• **WHAT THE EXERCISE ASKS**:
Leave every picture out, and give again exactly the lines from the one containing "- Un trou de" through the end of the listing.

• **DATA SECTION**:
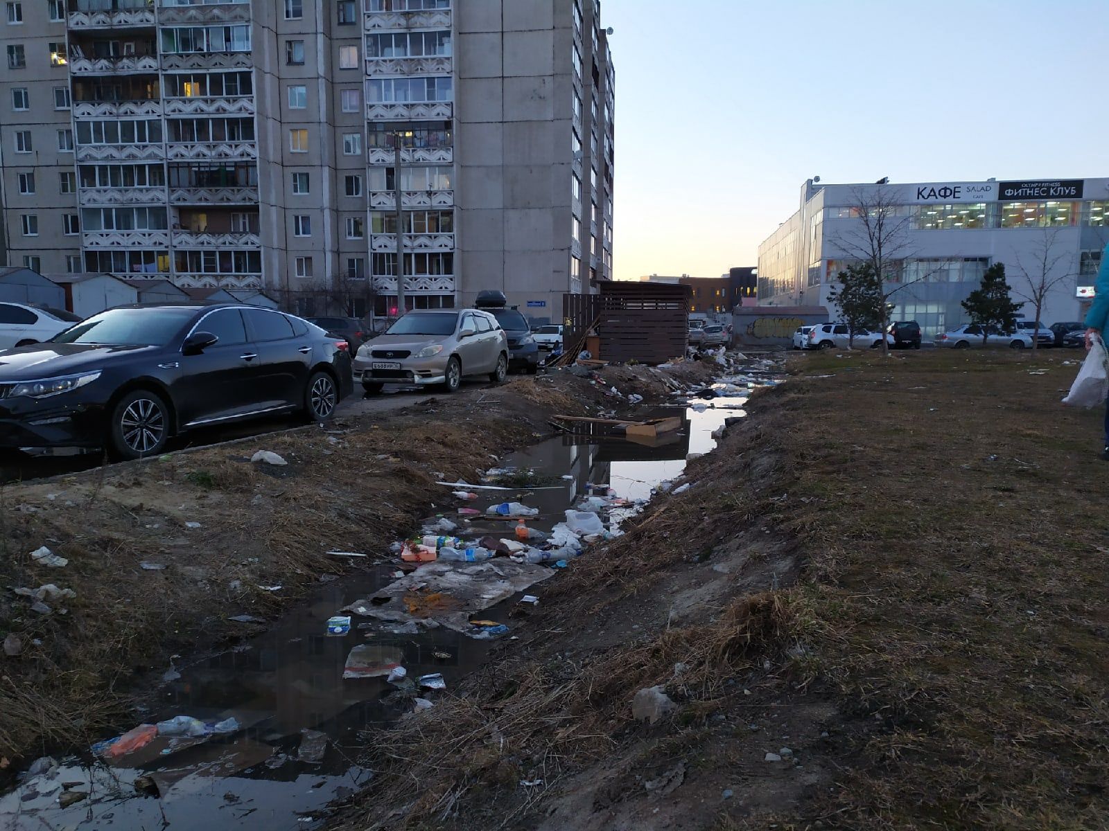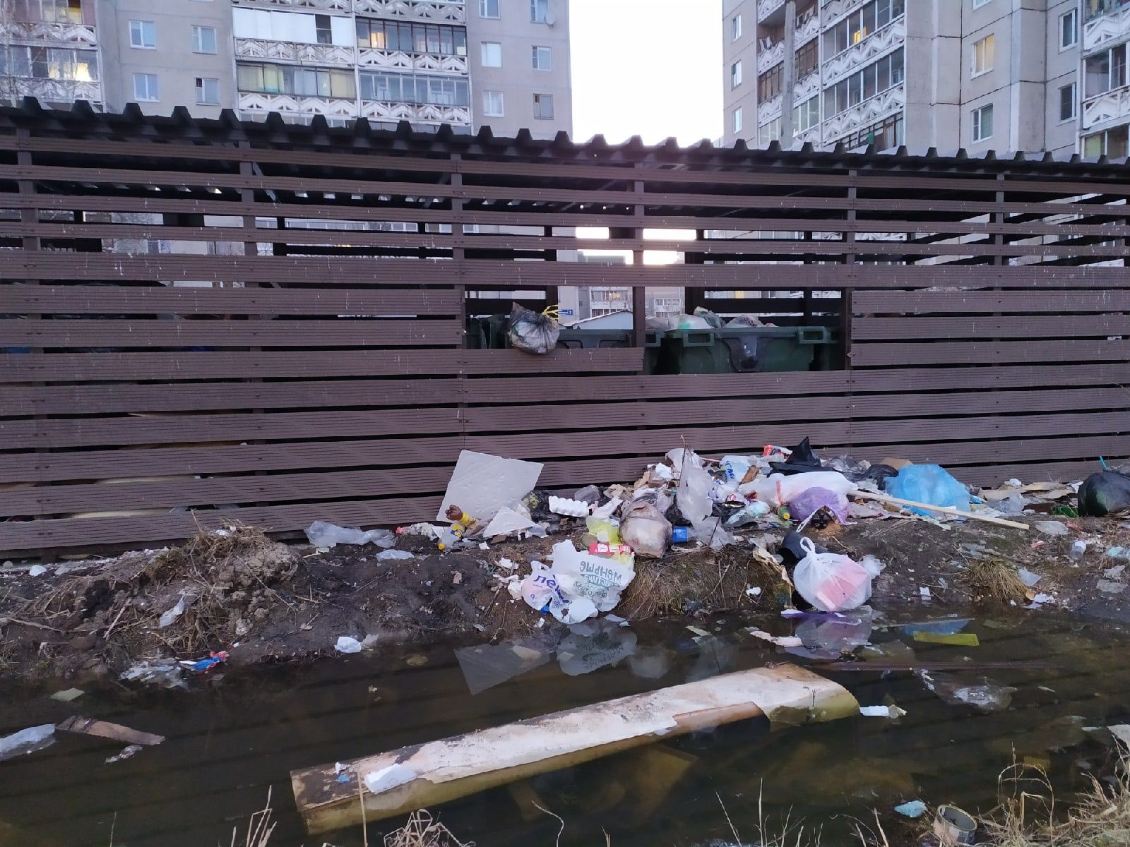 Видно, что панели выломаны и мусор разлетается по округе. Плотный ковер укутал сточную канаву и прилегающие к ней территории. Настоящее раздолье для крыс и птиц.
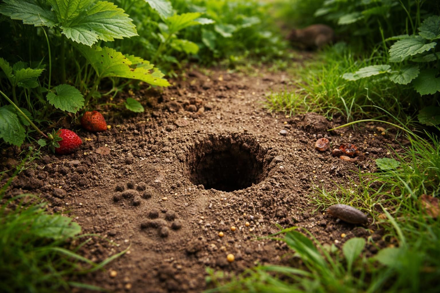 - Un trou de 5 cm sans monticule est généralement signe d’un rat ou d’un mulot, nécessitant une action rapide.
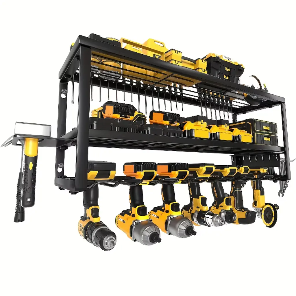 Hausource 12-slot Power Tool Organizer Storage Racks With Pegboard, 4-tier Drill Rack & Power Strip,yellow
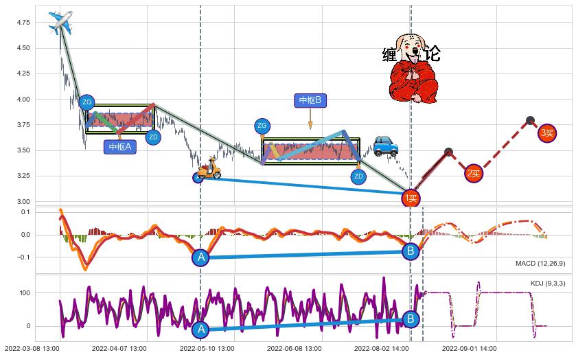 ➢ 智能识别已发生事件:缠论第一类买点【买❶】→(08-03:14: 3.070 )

• **OUTPUT FOR THIS EXERCISE**:
 - Un trou de 5 cm sans monticule est généralement signe d’un rat ou d’un mulot, nécessitant une action rapide.
 Hausource 12-slot Power Tool Organizer Storage Racks With Pegboard, 4-tier Drill Rack & Power Strip,yellow
 ➢ 智能识别已发生事件:缠论第一类买点【买❶】→(08-03:14: 3.070 )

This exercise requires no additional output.